[Critique DVD] – American Vandal Season 1

Titre du film : American Vandal season 1

Date de sortie en DVD : 12 février 2019

Distributeur : Paramount / Netflix

Durée : 4h27

Créer : Tony Yacenda, Dan Perrault

Acteurs : Tony Yacenda, Dan Perrault, Dan Lagana, Kevin McManus, Matthew McManus

Piste(s) sonore(s): Anglais 5.1 et stéréo

Sous-titre(s): Anglais

Format d’image(s): Panoramique : 16:9

Synopsis : Dans un lycée, un inconnu s’est amusé à vandaliser vingt-sept voitures avec des images phalliques. Le cancre de l’école, un certain Dylan Maxwell, est aussitôt expulsé. Deux lycéens, réalisant un reportage sur le sujet, mènent leur propre enquête et réalisent très vite que l’inculpé est innocent. Mais qui serait donc le véritable coupable ?
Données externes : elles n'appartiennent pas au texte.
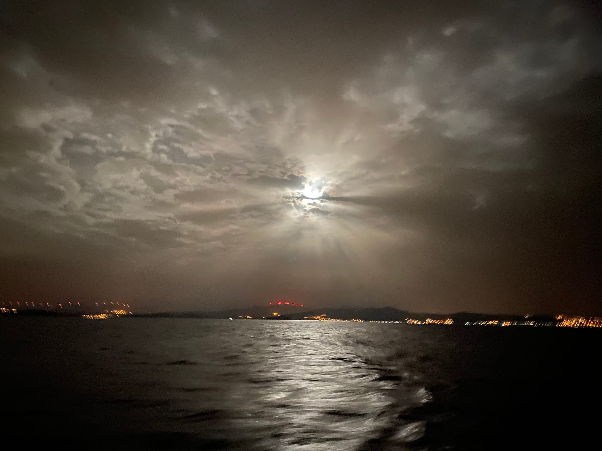 Ветер пропал почти, в проливе дует около 6-7 узлов попутного, фордевинд. Идем на моторе. В середине пролива заметная волна, до 1м, но тоже попутная, иногда мотает лодку. Тревожная луна сквозь тучи. Следим за огнями – острова и мысы обозначены.
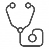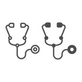 Stetoskop cienka ikona linii, koncepcja opieki zdrowotnej, instrument medyczny do słuchania bicia serca lub znak oddychania na białym tle, ikona stetoskopu w zarysie stylu dla telefonów komórkowych. Grafika wektorowa.
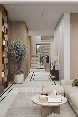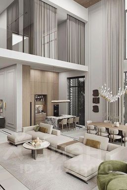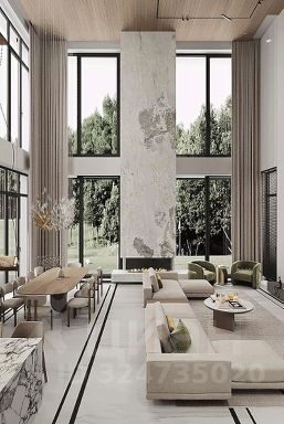 Высокие потолки и второй свет создают ощущение простора и свободы, а панорамное остекление наполняет интерьер естественным светом и создаёт ощущение единства с окружающей природой.
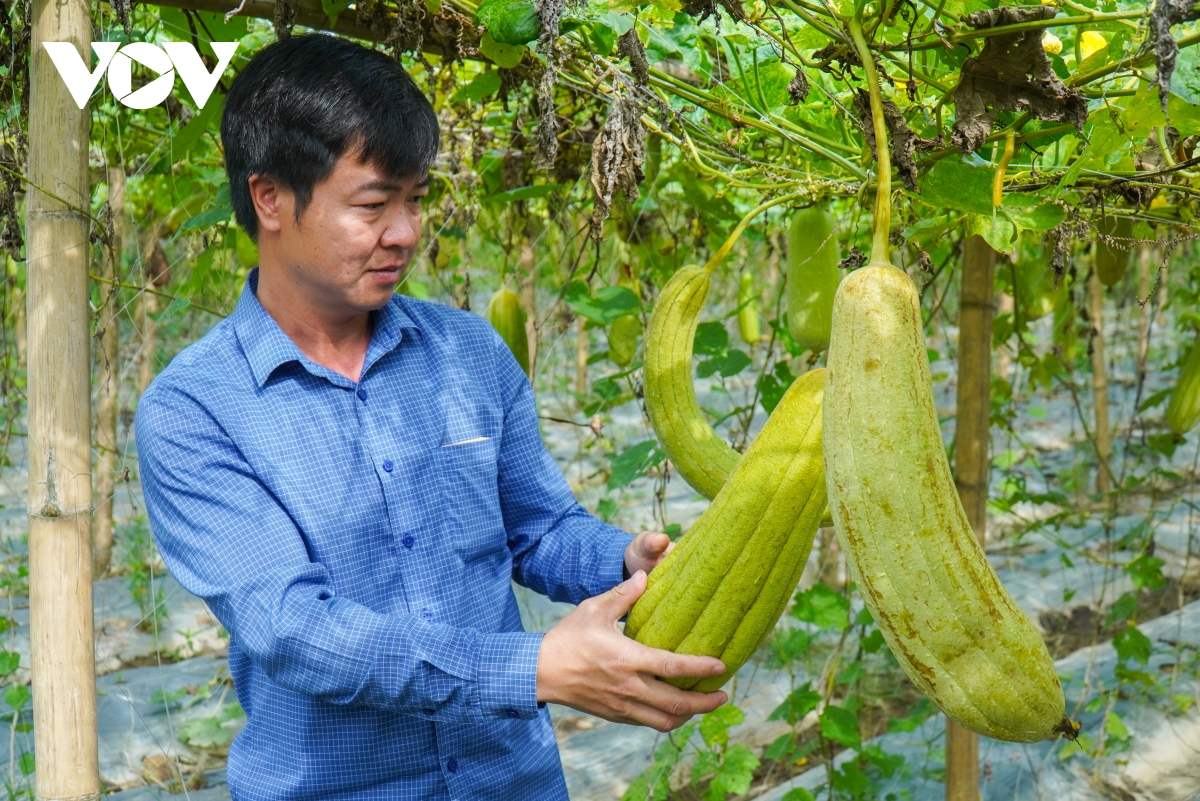Anh Tạ Quý Tôn đang kiểm tra những quả mướp đã đạt chất lượng để lấy xơ.

Suppléments : Entrevue et scènes allongées

La critique :

Bande-annonce :

C’est le moment idéal pour un retour vers American Vandal saison 1

À l’instar de la série culturel de science-fiction Stranger Things de Netflix, il a fallu un certain temps pour que les gens découvrent American Vandal. Que ce soit en raison d’un manque de marketing ou du fait que les gens sont souvent trop occupés pour développer leurs habitudes de consommation de contenue télévisuel, il ne va de soit qu’une fois qu’ils se sont installés dans la routine, les gens ont bien compris qu’il s’agit d’une série à succès. Une première saison sans faille, une nomination aux Emmy et un prix Peabody plus tard, American Vandal est sur le point de laisser tomber leur deuxième saison très attendue et figure déjà parmi les élites de la série télévisée et ce presque par accident.

Si vous n’avez pas encore vu American Vandal, ce n’est pas à moi de vous juger. Cela dit, la série est toujours disponible via la plateforme Netflix et maintenant en coffret DVD. Quoi qu’il en soit, voici l’essentiel: Dylan Maxwell, un étudiant qui fréquente l’école secondaire de Hanover, il est expulsé après avoir été identifié comme la personne responsable de graffiti, soit 27 pénis sur 27 voitures de la faculté. Il maintient furieusement qu’il est innocence, à tel point que ses camarades étudiants Peter Maldonado et Sam Ecklund (respectivement Tyler Alvarez et Griffin Gluck) décident de lancer leur propre enquête sous forme de documentaire. Avec une édition digne de Assassin et la voix apaisante de Sarah Koenig-esque d’Alvarez au volant de la série, la question de « qui a fait les bites? » est traité avec une sincérité complète et transforme le spectacle en quelque chose qui dépasse finalement nos attentes préconçus.

American Vandal utilise également son principe intrinsèque irrésistible et ses éclats de rire faciles pour nous montrer non seulement une enquête fascinante, mais aussi une émission qui affecte sincèrement l’ambition, les relations et, oui, le fait d’être un étudient stupide. La farce de la bite est ridicule, tout comme les séquences clés tout au long de la série. À un moment donné, Peter et Sam comparent leurs « dicks » graffiti de voiture à ceux que Dylan aime bien dessiner sur les tableaux blancs de l’école. Plus tard, un étudiant qui prétend avoir reçu une branlette de la part de la fille la plus chaude de l’école est sujet à une récréation CGI. L’épisode dans lequel Peter et Sam étudient les images de Snapchat du légendaire « Nana’s Party » fait partie de mes meilleurs épisodes de télévision.

Mais autant que la série peu être drôle elle est apte à devenir touchante. Ce n’est pas parce que les bites peintes rouge vif sont hilarantes que Dylan n’est pas pour moins chassé de sont école et que ça vie est complètement virer sans dessus dessous. Cela ne rend pas moins humiliant les secrets supplémentaires révélés par Peter et Sam au sujet de leurs camarades de classe au cours de l’enquête. Peter et Sam, rappelons-le, sont également des lycéens. Ce sont des cinéastes dotés d’un budget et de capacités apparemment luxueux, mais ce sont tous des enfants et ils n’ont ni l’intégrité personnelle ni l’objectivité d’un véritable documentariste. En fait, à la fin, les arguments en faveur de Sam et Peter pourraient être plus convaincants que le résultat final.

La première saison d’American Vandal est une saison vraiment formidable de télévision se faisant passer pour une blague mais remplis de petits bijoux. Souhaitant que ceux-ci vont nous surprendre dans sa deuxième saison, mais pour l’instant, le meilleur moment pour revisiter cette série incontournable.